Historically a part of Lancashire, in the Middle Ages Alkrington was a township in the parish of Prestwich-cum-Oldham in the hundred of Salford. Once rolling farmland, in 1866 Alkrington became a separate civil parish, in 1886 Alkrington was added to the Municipal Borough of Middleton, and developed into a residential area. On 31 December 1894, the parish was abolished and merged with Middleton. In 1891 the parish had a population of 446.

===Alkrington Hall===
The Grade II* listed Alkrington Hall was converted into flats, however, it is now two separate dwellings. It was built between 1735–36 to the designs of Giacomo Leoni for Darcy Lever. The three-storey house is mainly brick built with ashlar dressings and tile and slate roofs. Its Classical style facade has nine bays with single-storey three-bay wings either side. The central three bays project slightly and have giant Ionic pilasters above the rusticated stone ground floor.

The woodland around Alkrington Hall comprises 125 acres (50 ha) and is a designated Local Nature Reserve, Alkrington Woods.
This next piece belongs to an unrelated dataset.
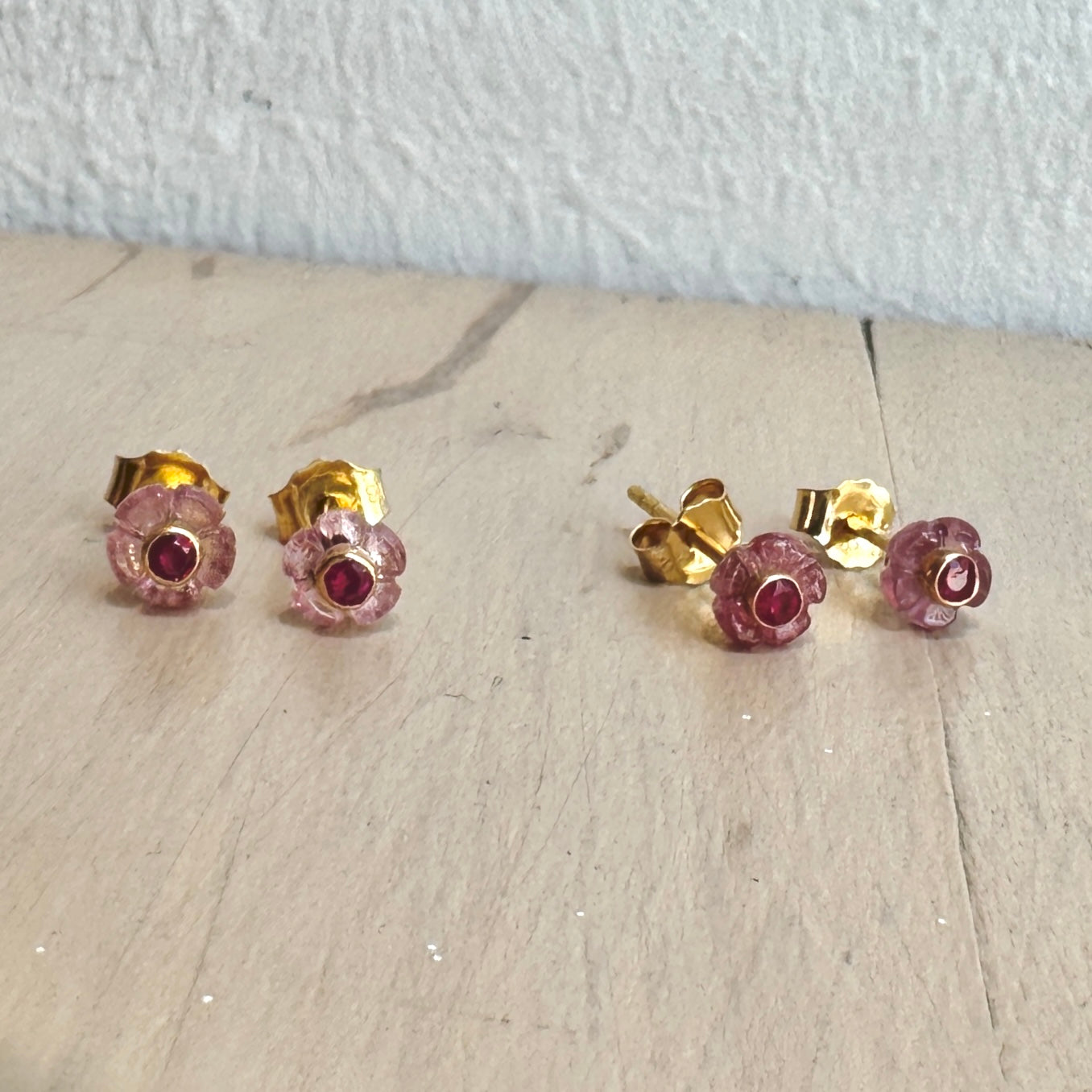 Die handgeschliffenen rosa Turmalinblumen mit einem kleinen Saphir in der Mitte sind einzigartig und in verschiedenen Größen erhältlich. Hergestellt aus 18Kt Gold, sind diese Ohrstecker Unikate mit individuellem Erscheinungsbild. Fragen Sie gerne nach den verfügbaren Stücken und lassen Sie sich ein Bild zukommen. Perfekt für einen eleganten Look.

The remains of an earlier hall can be seen on the site. The manor of Alkrington was bought by the Lever family in the 1600s but when the last family member died childless the estate and present hall were sold. The new owners sold on most of the land and the hall came into the possession of the local council who converted it to flats. The hall was later resold into private hands and converted into four luxury homes.

==Geography==

The area of Alkrington township was 797 acres. The underlying geology is that of the Lancashire Coalfield. The highest ground, 350 feet above sea level in the south-east and north east but mostly above 300 feet, slopes downwards to the boundary brooks in the south west. The main road that serves Alkrington is the A664 from Manchester via Blackley to Middleton. Junction 20 of the M60 motorway is to the south-west.

==Religion==
There are three churches within the old township area. The Anglican Church of St Michael was founded in 1839, a Congregational church was built in 1929 and the Roman Catholic St Thomas More Church was built in 1960.

==Notable people==
- Steve Coogan, comedian, was born and brought up in Alkrington.
- Liam Fray, lead singer of The Courteeners, was born and brought up in Alkrington.
- Brian Kidd, former Manchester United and Manchester City footballer, resides in Alkrington.
- Bernard Manning (1930–2007), comedian and nightclub owner, lived in the area for more than 20 years.
- Nedum Onuoha, former Manchester City footballer, owns a home in the area.
- Lady Mary Peters, Olympian athlete, brought up in Alkrington.
- Ashley Ward, former Manchester City footballer, was born and brought up in Alkrington.

==Transport==
As of 2024, several bus services serve Alkrington, including:
- 17: Norden to Shudehill Interchange via Rochdale. This service is operated by Stagecoach as part of the Bee Network.
- 17A: Rochdale to Shudehill Interchange. This service is operated by Stagecoach as part of the Bee Network.
- 18: Langley to Manchester Royal Infirmary. This service is operated by Stagecoach as part of the Bee Network. Some services terminate at Shudehill Interchange instead of Manchester Royal Infirmary.
- 41: Middleton to Sale Metrolink tram stop. This service is operated by Stagecoach as part of the Bee Network. Some services terminate at North Manchester General Hospital instead of Middleton.
- 114: Boarshaw to Piccadilly Gardens. This service is operated by Stagecoach as part of the Bee Network. Most services terminate at Alkrington, Lincoln Road instead of Boarshaw.
- 115: Middleton - Moston - Harpurhey - Higher Blackley Circular. This service is operated by Stagecoach as part of the Bee Network.
- 116: Middleton - Higher Blackley - Harpurhey - Moston Circular. This service is operated by Stagecoach as part of the Bee Network.
- 159: Oldham to Middleton via Chadderton. This service is operated by Diamond Bus under the Bee Network.
- 163: Bury Interchange to Piccadilly Gardens. This service is operated by Go North West as part of the Bee Network.
- 415: Middleton to Oldham via Chadderton. This service is operated by Stagecoach as part of the Bee Network.